The images obtained by the satellite were not always reliable. Meteorological factors can greatly affect the data obtained, adding erroneous information that can contaminate the results. This is why a cloud detection system previously developed by ESA, which makes use of neural networks and categorises conditions into Snow, Fine Cirrus (Type of cloud), High probability of cloud, Medium probability of cloud, Unclassified, Water, No vegetation, Vegetation, Surplus due to cloud, Very dark area, Saturated or defective, and No data was used based on the algorithm proposed in [24,25,26] Figure 2.

All data was obtained directly from the API provided by the Sentinel satellites. For the treatment of these data, when it came to finding anomalies, ESA’s own models were used for the detection of clouds, water, shadows, etc. In addition, in order to obtain better results, our own outlier detection algorithms were used and interpolation was performed on all the data. This was done as the anomaly detection models discussed earlier are not 100% reliable. As all data were treated equally, the noise was reduced with a negligible loss of information. Even after this process was carried out, outliers may remain due to the accuracy of the models provided by ESA, for example, cloud shadows were quite difficult to detect. For this reason, an adaptation of the algorithm called Hampel Filter [27], which removes any outliers and smooths the data, was run at the end.

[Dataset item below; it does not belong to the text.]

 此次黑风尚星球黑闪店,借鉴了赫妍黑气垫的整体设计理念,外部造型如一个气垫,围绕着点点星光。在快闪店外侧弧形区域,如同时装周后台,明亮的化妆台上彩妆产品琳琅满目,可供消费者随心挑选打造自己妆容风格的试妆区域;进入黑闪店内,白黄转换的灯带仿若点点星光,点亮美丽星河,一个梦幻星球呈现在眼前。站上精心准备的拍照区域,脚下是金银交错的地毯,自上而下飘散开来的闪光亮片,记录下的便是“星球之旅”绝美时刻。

2.1.3. Time Period Selection

As mentioned, the inputs to the CNN were the synthetic images based on the information from the pixels from all bands of the Sentinel images during several months in one year. As can be seen in an earlier experiment [23], the more years the network is trained with, the more accurate it is expected to be.

The Sentinel satellite orbits cause new images to be obtained every 5 days (every 3 days in the case of overlapping UTM time zones) [28]. As can be seen in Figure 3, there were differences between different years, which is why it was interesting to study more than one year to avoid the possibility of the network being biased due to temporality. In addition, it was important to emphasise that the chosen period represented by the dashed lines (From 1 April to 15 July) was chosen on the grounds of expert criteria, as earlier data was poor and not be meaningful due to the rainy season, and with the knowledge that aid for a land control system would be given at the end of the summer, so classification had to be done in advance. In other types of research, seasonality is not an important variable, as the classification of urban area, land, water, etc. is not as time-varying as a crop harvest.

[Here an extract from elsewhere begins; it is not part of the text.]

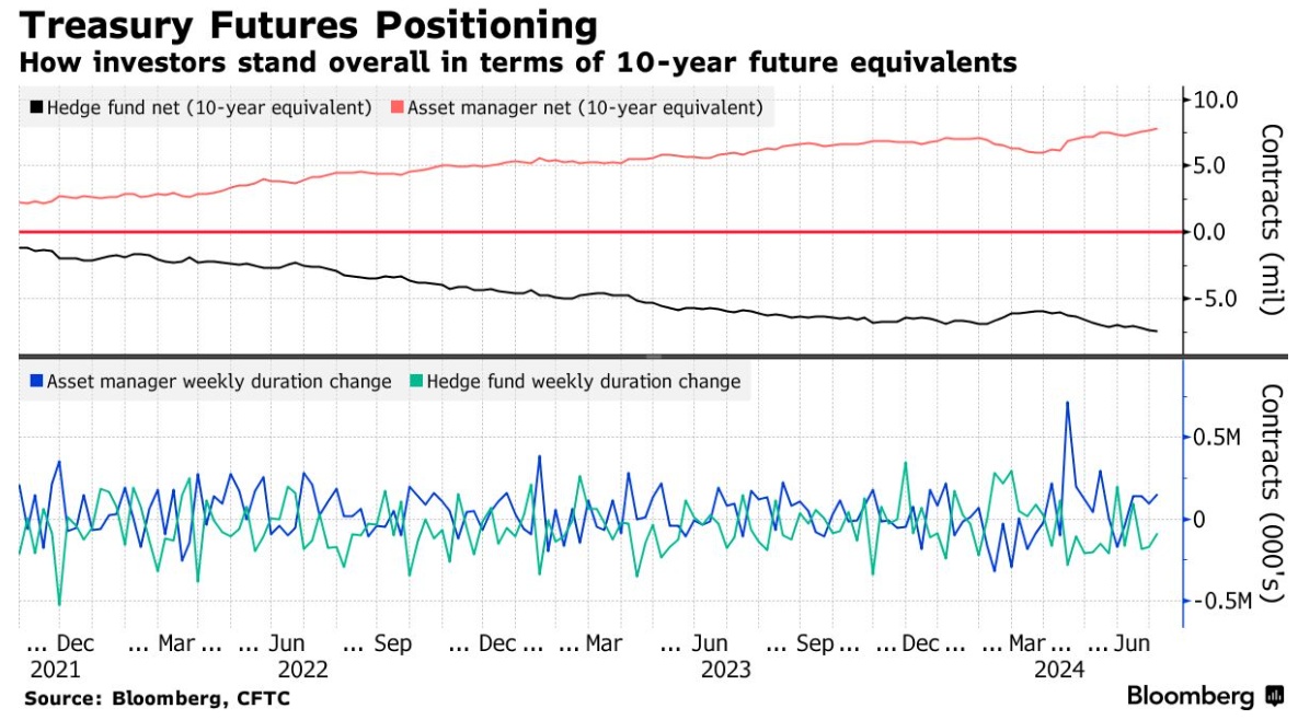 自7月1日以来的每日仓位数据显示,在美联储主席向国会作证和本周公布消费者价格指数(CPI)之前,交易员正在建立看涨债券的押注。如果鲍威尔的讲话或周四公布的通胀数据支撑了今年降息的预期,这些押注将受益。

The minimum update period for satellite data is 5 days, although some areas where there is an overlap of two orbits have an extra day between those 5 days. Nevertheless, the minimum period considered was 5 days, with an average if more data was available. All elements were interpolated due to missing days and atmospheric conditions, in order to reduce any noise or outliers in the data. On the other hand, having leap years, where the days in certain years do not match exactly, was another reason why the data is treated 5 days at a time (knowing that this is the maximum possible time between new data). These small periods are referred to as pentads.

Another consideration to take into account is that in 2017, there was only one satellite in orbit, so there was an update every 10 days. In order to work in the same way as for other years, information was interpolated every 5 days, slightly sacrificing the precision of the data at the cost of being able to use information from that year.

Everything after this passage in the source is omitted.